Cramer and colleagues [18] examined structured EHR data from 50,851 admissions to predict PI in the ICU using various machine learning techniques. Models that incorporated over 40 EHR features were captured in the dataset, accounting for the first 24 h of admission, including physiologic, admission, and lab variables. Analysis was conducted on training and test sets using advanced techniques such as logistic regression, elastic net, support vector machine, random forest, gradient boosting machine, and a feed forward neural network approach. Findings identified the weighted logistic regression model to be the best model, although all models were limited in their precision (0.09–0.67) and recall (0–0.94). Despite this, the model outperformed the Braden scale, the traditional approach to identifying risk for PI. Similar to other studies, imbalance in the sample and missing data were identified as limitations in the analysis.

Despite the promising use of advanced data analytics in determining the true risk for PI development, several limitations in the work to date require further exploration. Several of the studies conducted using machine learning thus far have shown improved risk prediction [17, 19, 20]. However, prior reports also use limited model features, sample imbalances, and missing data as limitations. For this reason, further exploration with a large dataset incorporating all predictors of PI risk is needed.
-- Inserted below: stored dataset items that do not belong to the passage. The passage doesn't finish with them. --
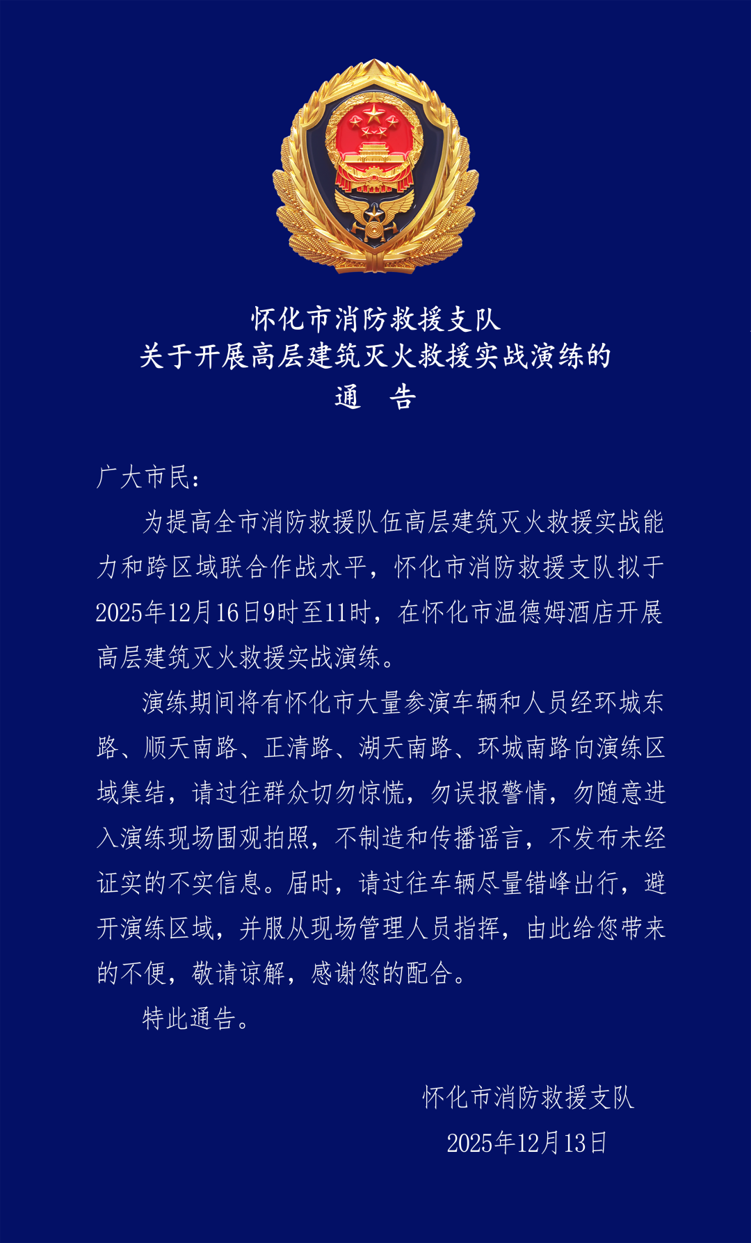 懷化市消防救援支隊關於開展高層建築滅火救援實戰演練的通告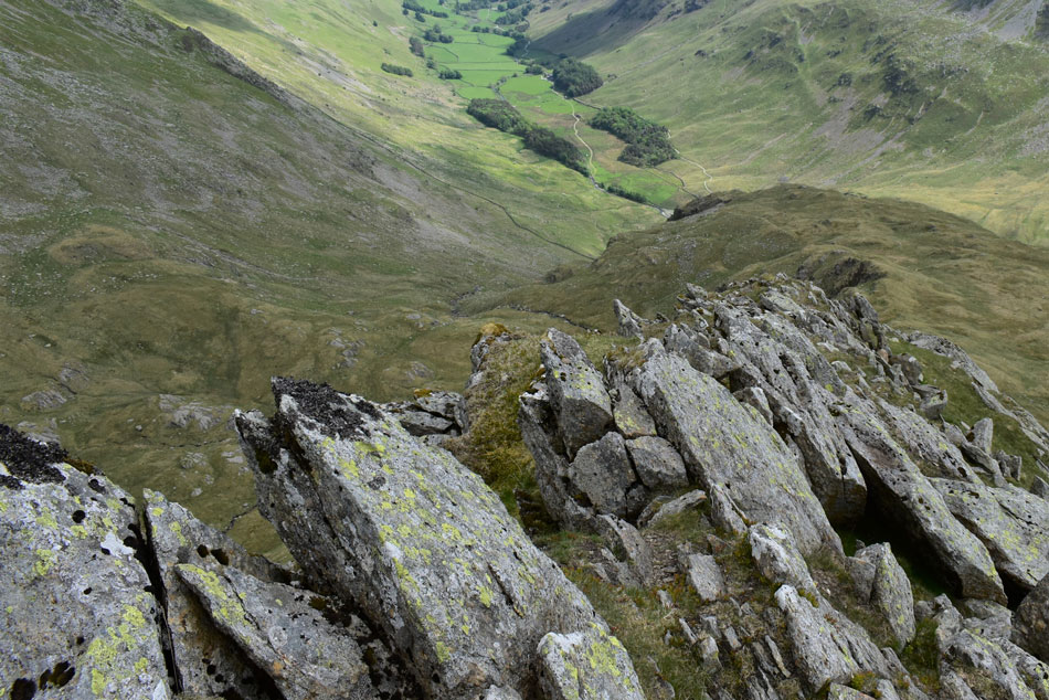 The Grisedale valley from the rock arete atop Nethermost Pike East ridge. |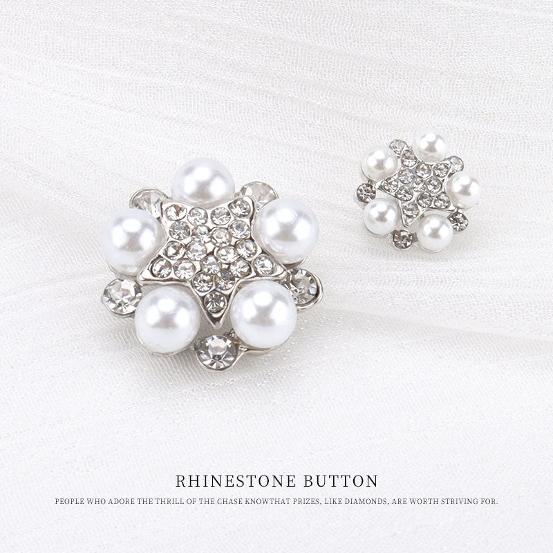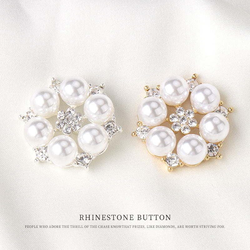 22mm Metal Perle Rhinsten Dekorativ Diamant Blomstret Knap 6 stk
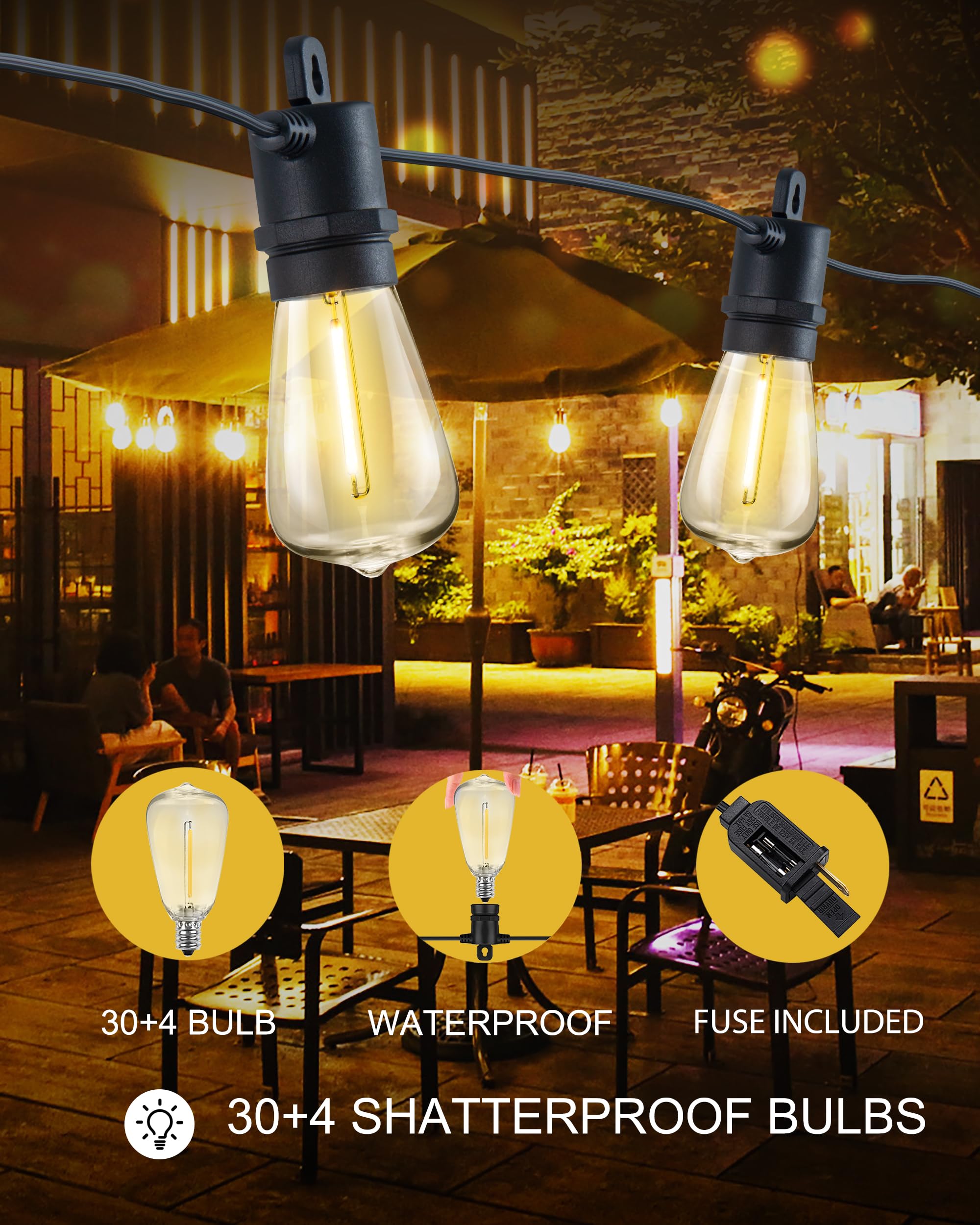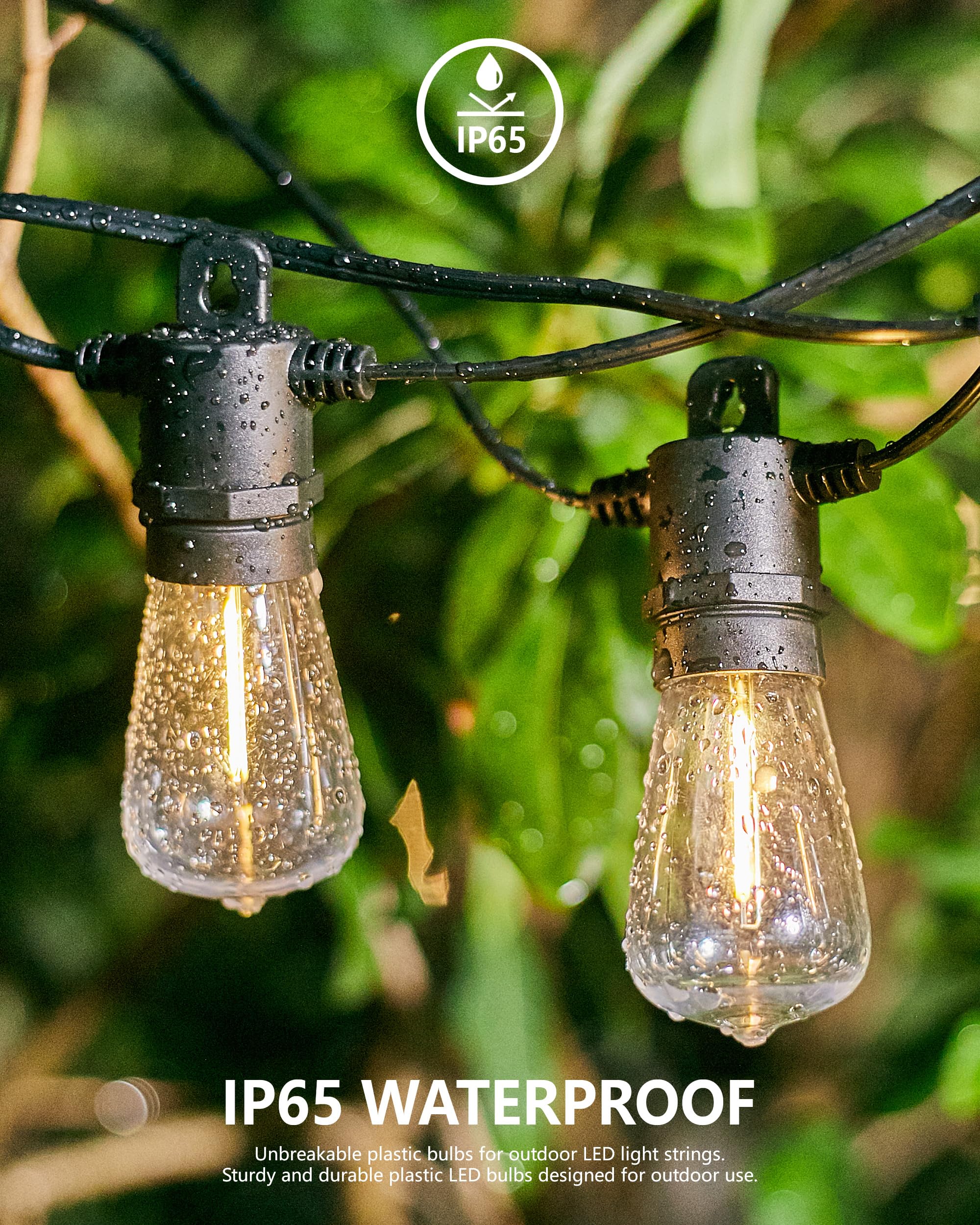 • 🎉【Shatterproof String Lights for Outside】- Our 2 X 50 FT outdoor string lights are made of high-quality materials. 2 X 15pcs E12 sockets with 15+2pcs 1W plastic LED bulbs (2 extra). They won't break even if they fall. Create a delightful ambiance for birthdays, weddings, or banquets. Commercial-grade lights bring warmth and joy to your family, friends, and guests.

More broadly, over the past decade a number of powerful computational and artificial intelligence approaches have been developed, tested, and validated on medical data [21,22,23]. Most techniques have advantages and limitations. For instance, some evidence suggests that Support Vector Machine (SVM) and Artificial Immune Recognition System (AIRS) are very reliable in specific medical applications [21]. Whereas deep neural network learning yields the most statistically consistent, accurate, reliable, and unbiased results in medical image classification, parcellation, and pathological detection [24, 25].

Methods

Data

Using the PIPM as a guide, we extracted two years of clinical and administrative data from a large, tertiary health system. Electronic health record (EHR) data for over 23,000 patient encounters discharged between June 1st, 2014 and June 26th, 2016 were obtained from the study site. The health system uses the EPIC© vendor for inpatient documentation. Inclusion criteria for extraction of patient records included: [1] adults (≥ 18 years of age); [2] undergoing a surgical procedure; and [3] hospitalized for two or more days between June 2014 and June 2016. Administrative data, including nurse staffing data, were extracted for all nursing units where the patients were admitted during the study timeframe.
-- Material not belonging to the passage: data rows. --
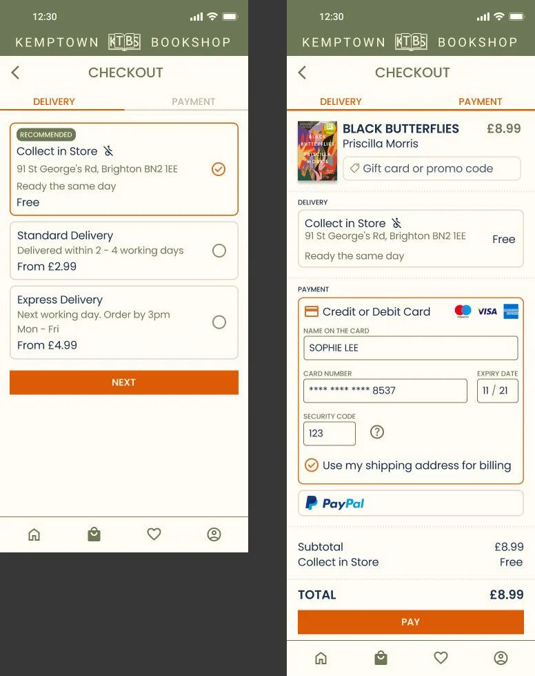 However, user testing revealed that reducing the number of checkout steps did not impact the completion rate. All the essential information, such as the item, price and customer address, have been placed for the user to check before putting in their payment details.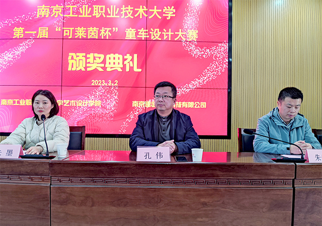 为推进产教融合,深化校企合作,pg电子中国官方网站艺术设计学院与南京建武电子科技有限公司联合举办了首届“可莱茵杯”童车产品创意设计大赛,学院将大赛融入实训项目教学,为企业开发了一批高质量的童车设计方案,受到企业的高度认可。经校企专家评审,评选出一、二、三等奖6名,优秀奖15名,优秀指导教师2名。3月2日下午,校企双方在天堂校区综合楼六楼报告厅隆重举行了大赛颁奖典礼,艺术设计学院院长孔伟、南京建武电子科技有限公司总经理朱墨以及学院师生代表参加了此次典礼。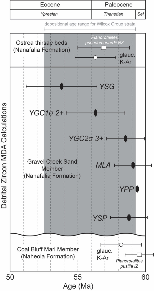 The presence of near syndepositional grains in Wilcox strata, along with sediment provenance and depositional setting context, indicates that detrital zircon U-Pb geochronology is an ideal approach to understand stratigraphic ages for the Gravel Creek Sand Member and correlative strata throughout the eastern Gulf Coastal Plain. However, results from this study highlight the complexity in assessing various MDA approaches and the geologic implications between determinations (Table 1; Figures 6). For example, if the YSG is used for a MDA then the basal Wilcox, and by extension the entire Wilcox Group, should be interpreted as Eocene. This is problematic because an Eocene age for the basal Wilcox is at odds with biostratigraphic determinations for this horizon in Mississippi and Alabama (Elsik & Crabaugh, 2001; Mancini & Tew, 1995; Zarra et al., 2019). The YSG is a good analysis, which passed all quality control filters during data reduction. It also overlaps in 2σ error with the biostratigraphic and a glauconitic sand K-Ar age for the overlying Ostrea thirsae beds. However, it is noticeably younger in age than the underlying Coal Bluff Marl Member and all other MDA calculations.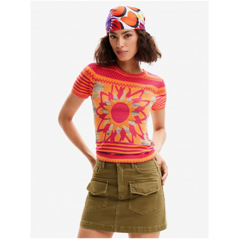 Oranžové dámské úpletové tričko Desigual Sun Blue - Dámské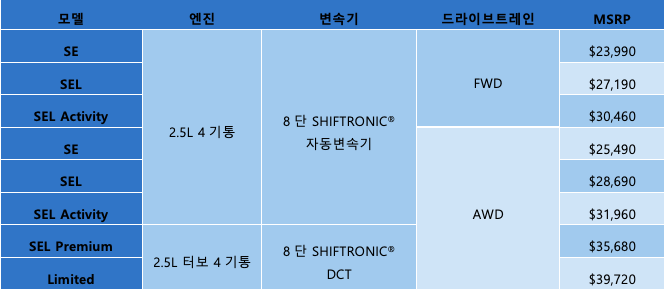 이와 함께 무선으로 테일게이트를 여닫을 수 있을 뿐 아니라, 짐의 종류에 따라 테일게이트가 열리는 정도를 조절할 수 있어 편의성도 갖추고 있습니다. 연비는 21/27/23MPG (시내/프리웨이/복합, AWD 2.5L)이며, 토잉 능력은 최대 5,000lb.(AWD 2.5T)입니다.

Specific data elements extracted for the study aligned with the PIPM framework. PIPM represents the many risk factors for PI that have been reported in the literature, and organized into six constructs: patient, pressure, shear, tissue tolerance, environment and episode of care. Each construct includes multiple concepts that are in turn, represented by indicators and measures that were used to develop the data dictionary and the extraction plan.
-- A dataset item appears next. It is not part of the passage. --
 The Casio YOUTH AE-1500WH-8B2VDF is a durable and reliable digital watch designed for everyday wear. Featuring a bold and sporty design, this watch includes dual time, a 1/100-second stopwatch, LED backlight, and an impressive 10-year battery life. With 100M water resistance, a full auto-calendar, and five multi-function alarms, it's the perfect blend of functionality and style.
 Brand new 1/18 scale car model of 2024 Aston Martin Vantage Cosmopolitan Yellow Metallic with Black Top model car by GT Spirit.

Staffing level data were collected for each day the patient spent on specific patient care units. Likewise, data pertaining to the intraoperative phase were collected for each procedure that occurred during the specific hospitalization. For example, the American Society of Anesthesiologists (ASA) score was used as a measure of severity of illness and the length and type of the procedure were recorded for each operation.

All data was initially captured as a raw csv file. Data was cleaned and formatted for use with statistical software. The data were collected for each day the patient spent in the hospital and, when relevant, for each surgical procedure if more than one operation occurred. For example, age, gender and ethnicity were demographic features that did not change over the course of the hospital stay whereas vital signs, medications and Braden scores were collected for each day. For the purposes of this study, data were aggregated to hospital-stay level variables. For example, total Braden scores were captured for each day of a patient’s stay, respectively. These values were then aggregated to three stay-level variables: Total Braden min (e.g., lowest Braden score for the stay); Total Braden max (e.g., highest Braden score for the stay); and Total Braden average (e.g., average score of all daily Braden scores).

In the Additional file 1 section, we include a table mapping the compressed variable names into explicit clinically relevant descriptions.

Data preprocessing

We used previously developed and validated data preprocessing protocols [26,27,28,29]. These include imputation of missing values, data harmonization and aggregation across multiple data tables, hot-coding of categorical variables as numeric dummy variables, normalization to facilitate cross-feature distance calculations, rebalancing to stabilize the sample-sizes in different cohorts, and extraction of summary statistics characterizing the distributions of various features. Table 1 shows examples of preprocessing steps for different types of biomarkers. This preprocessing was necessary to generate an integrated canonical form of the data as a computable object that can be visualized, analyzed, models, and train the AI/ML classifiers. Figure 1 depicts the key elements of the end-to-end computational workflow we built to ingest the heterogeneous data, perform preprocessing, fit models and derive model-free prediction, and validate the performance of different methods.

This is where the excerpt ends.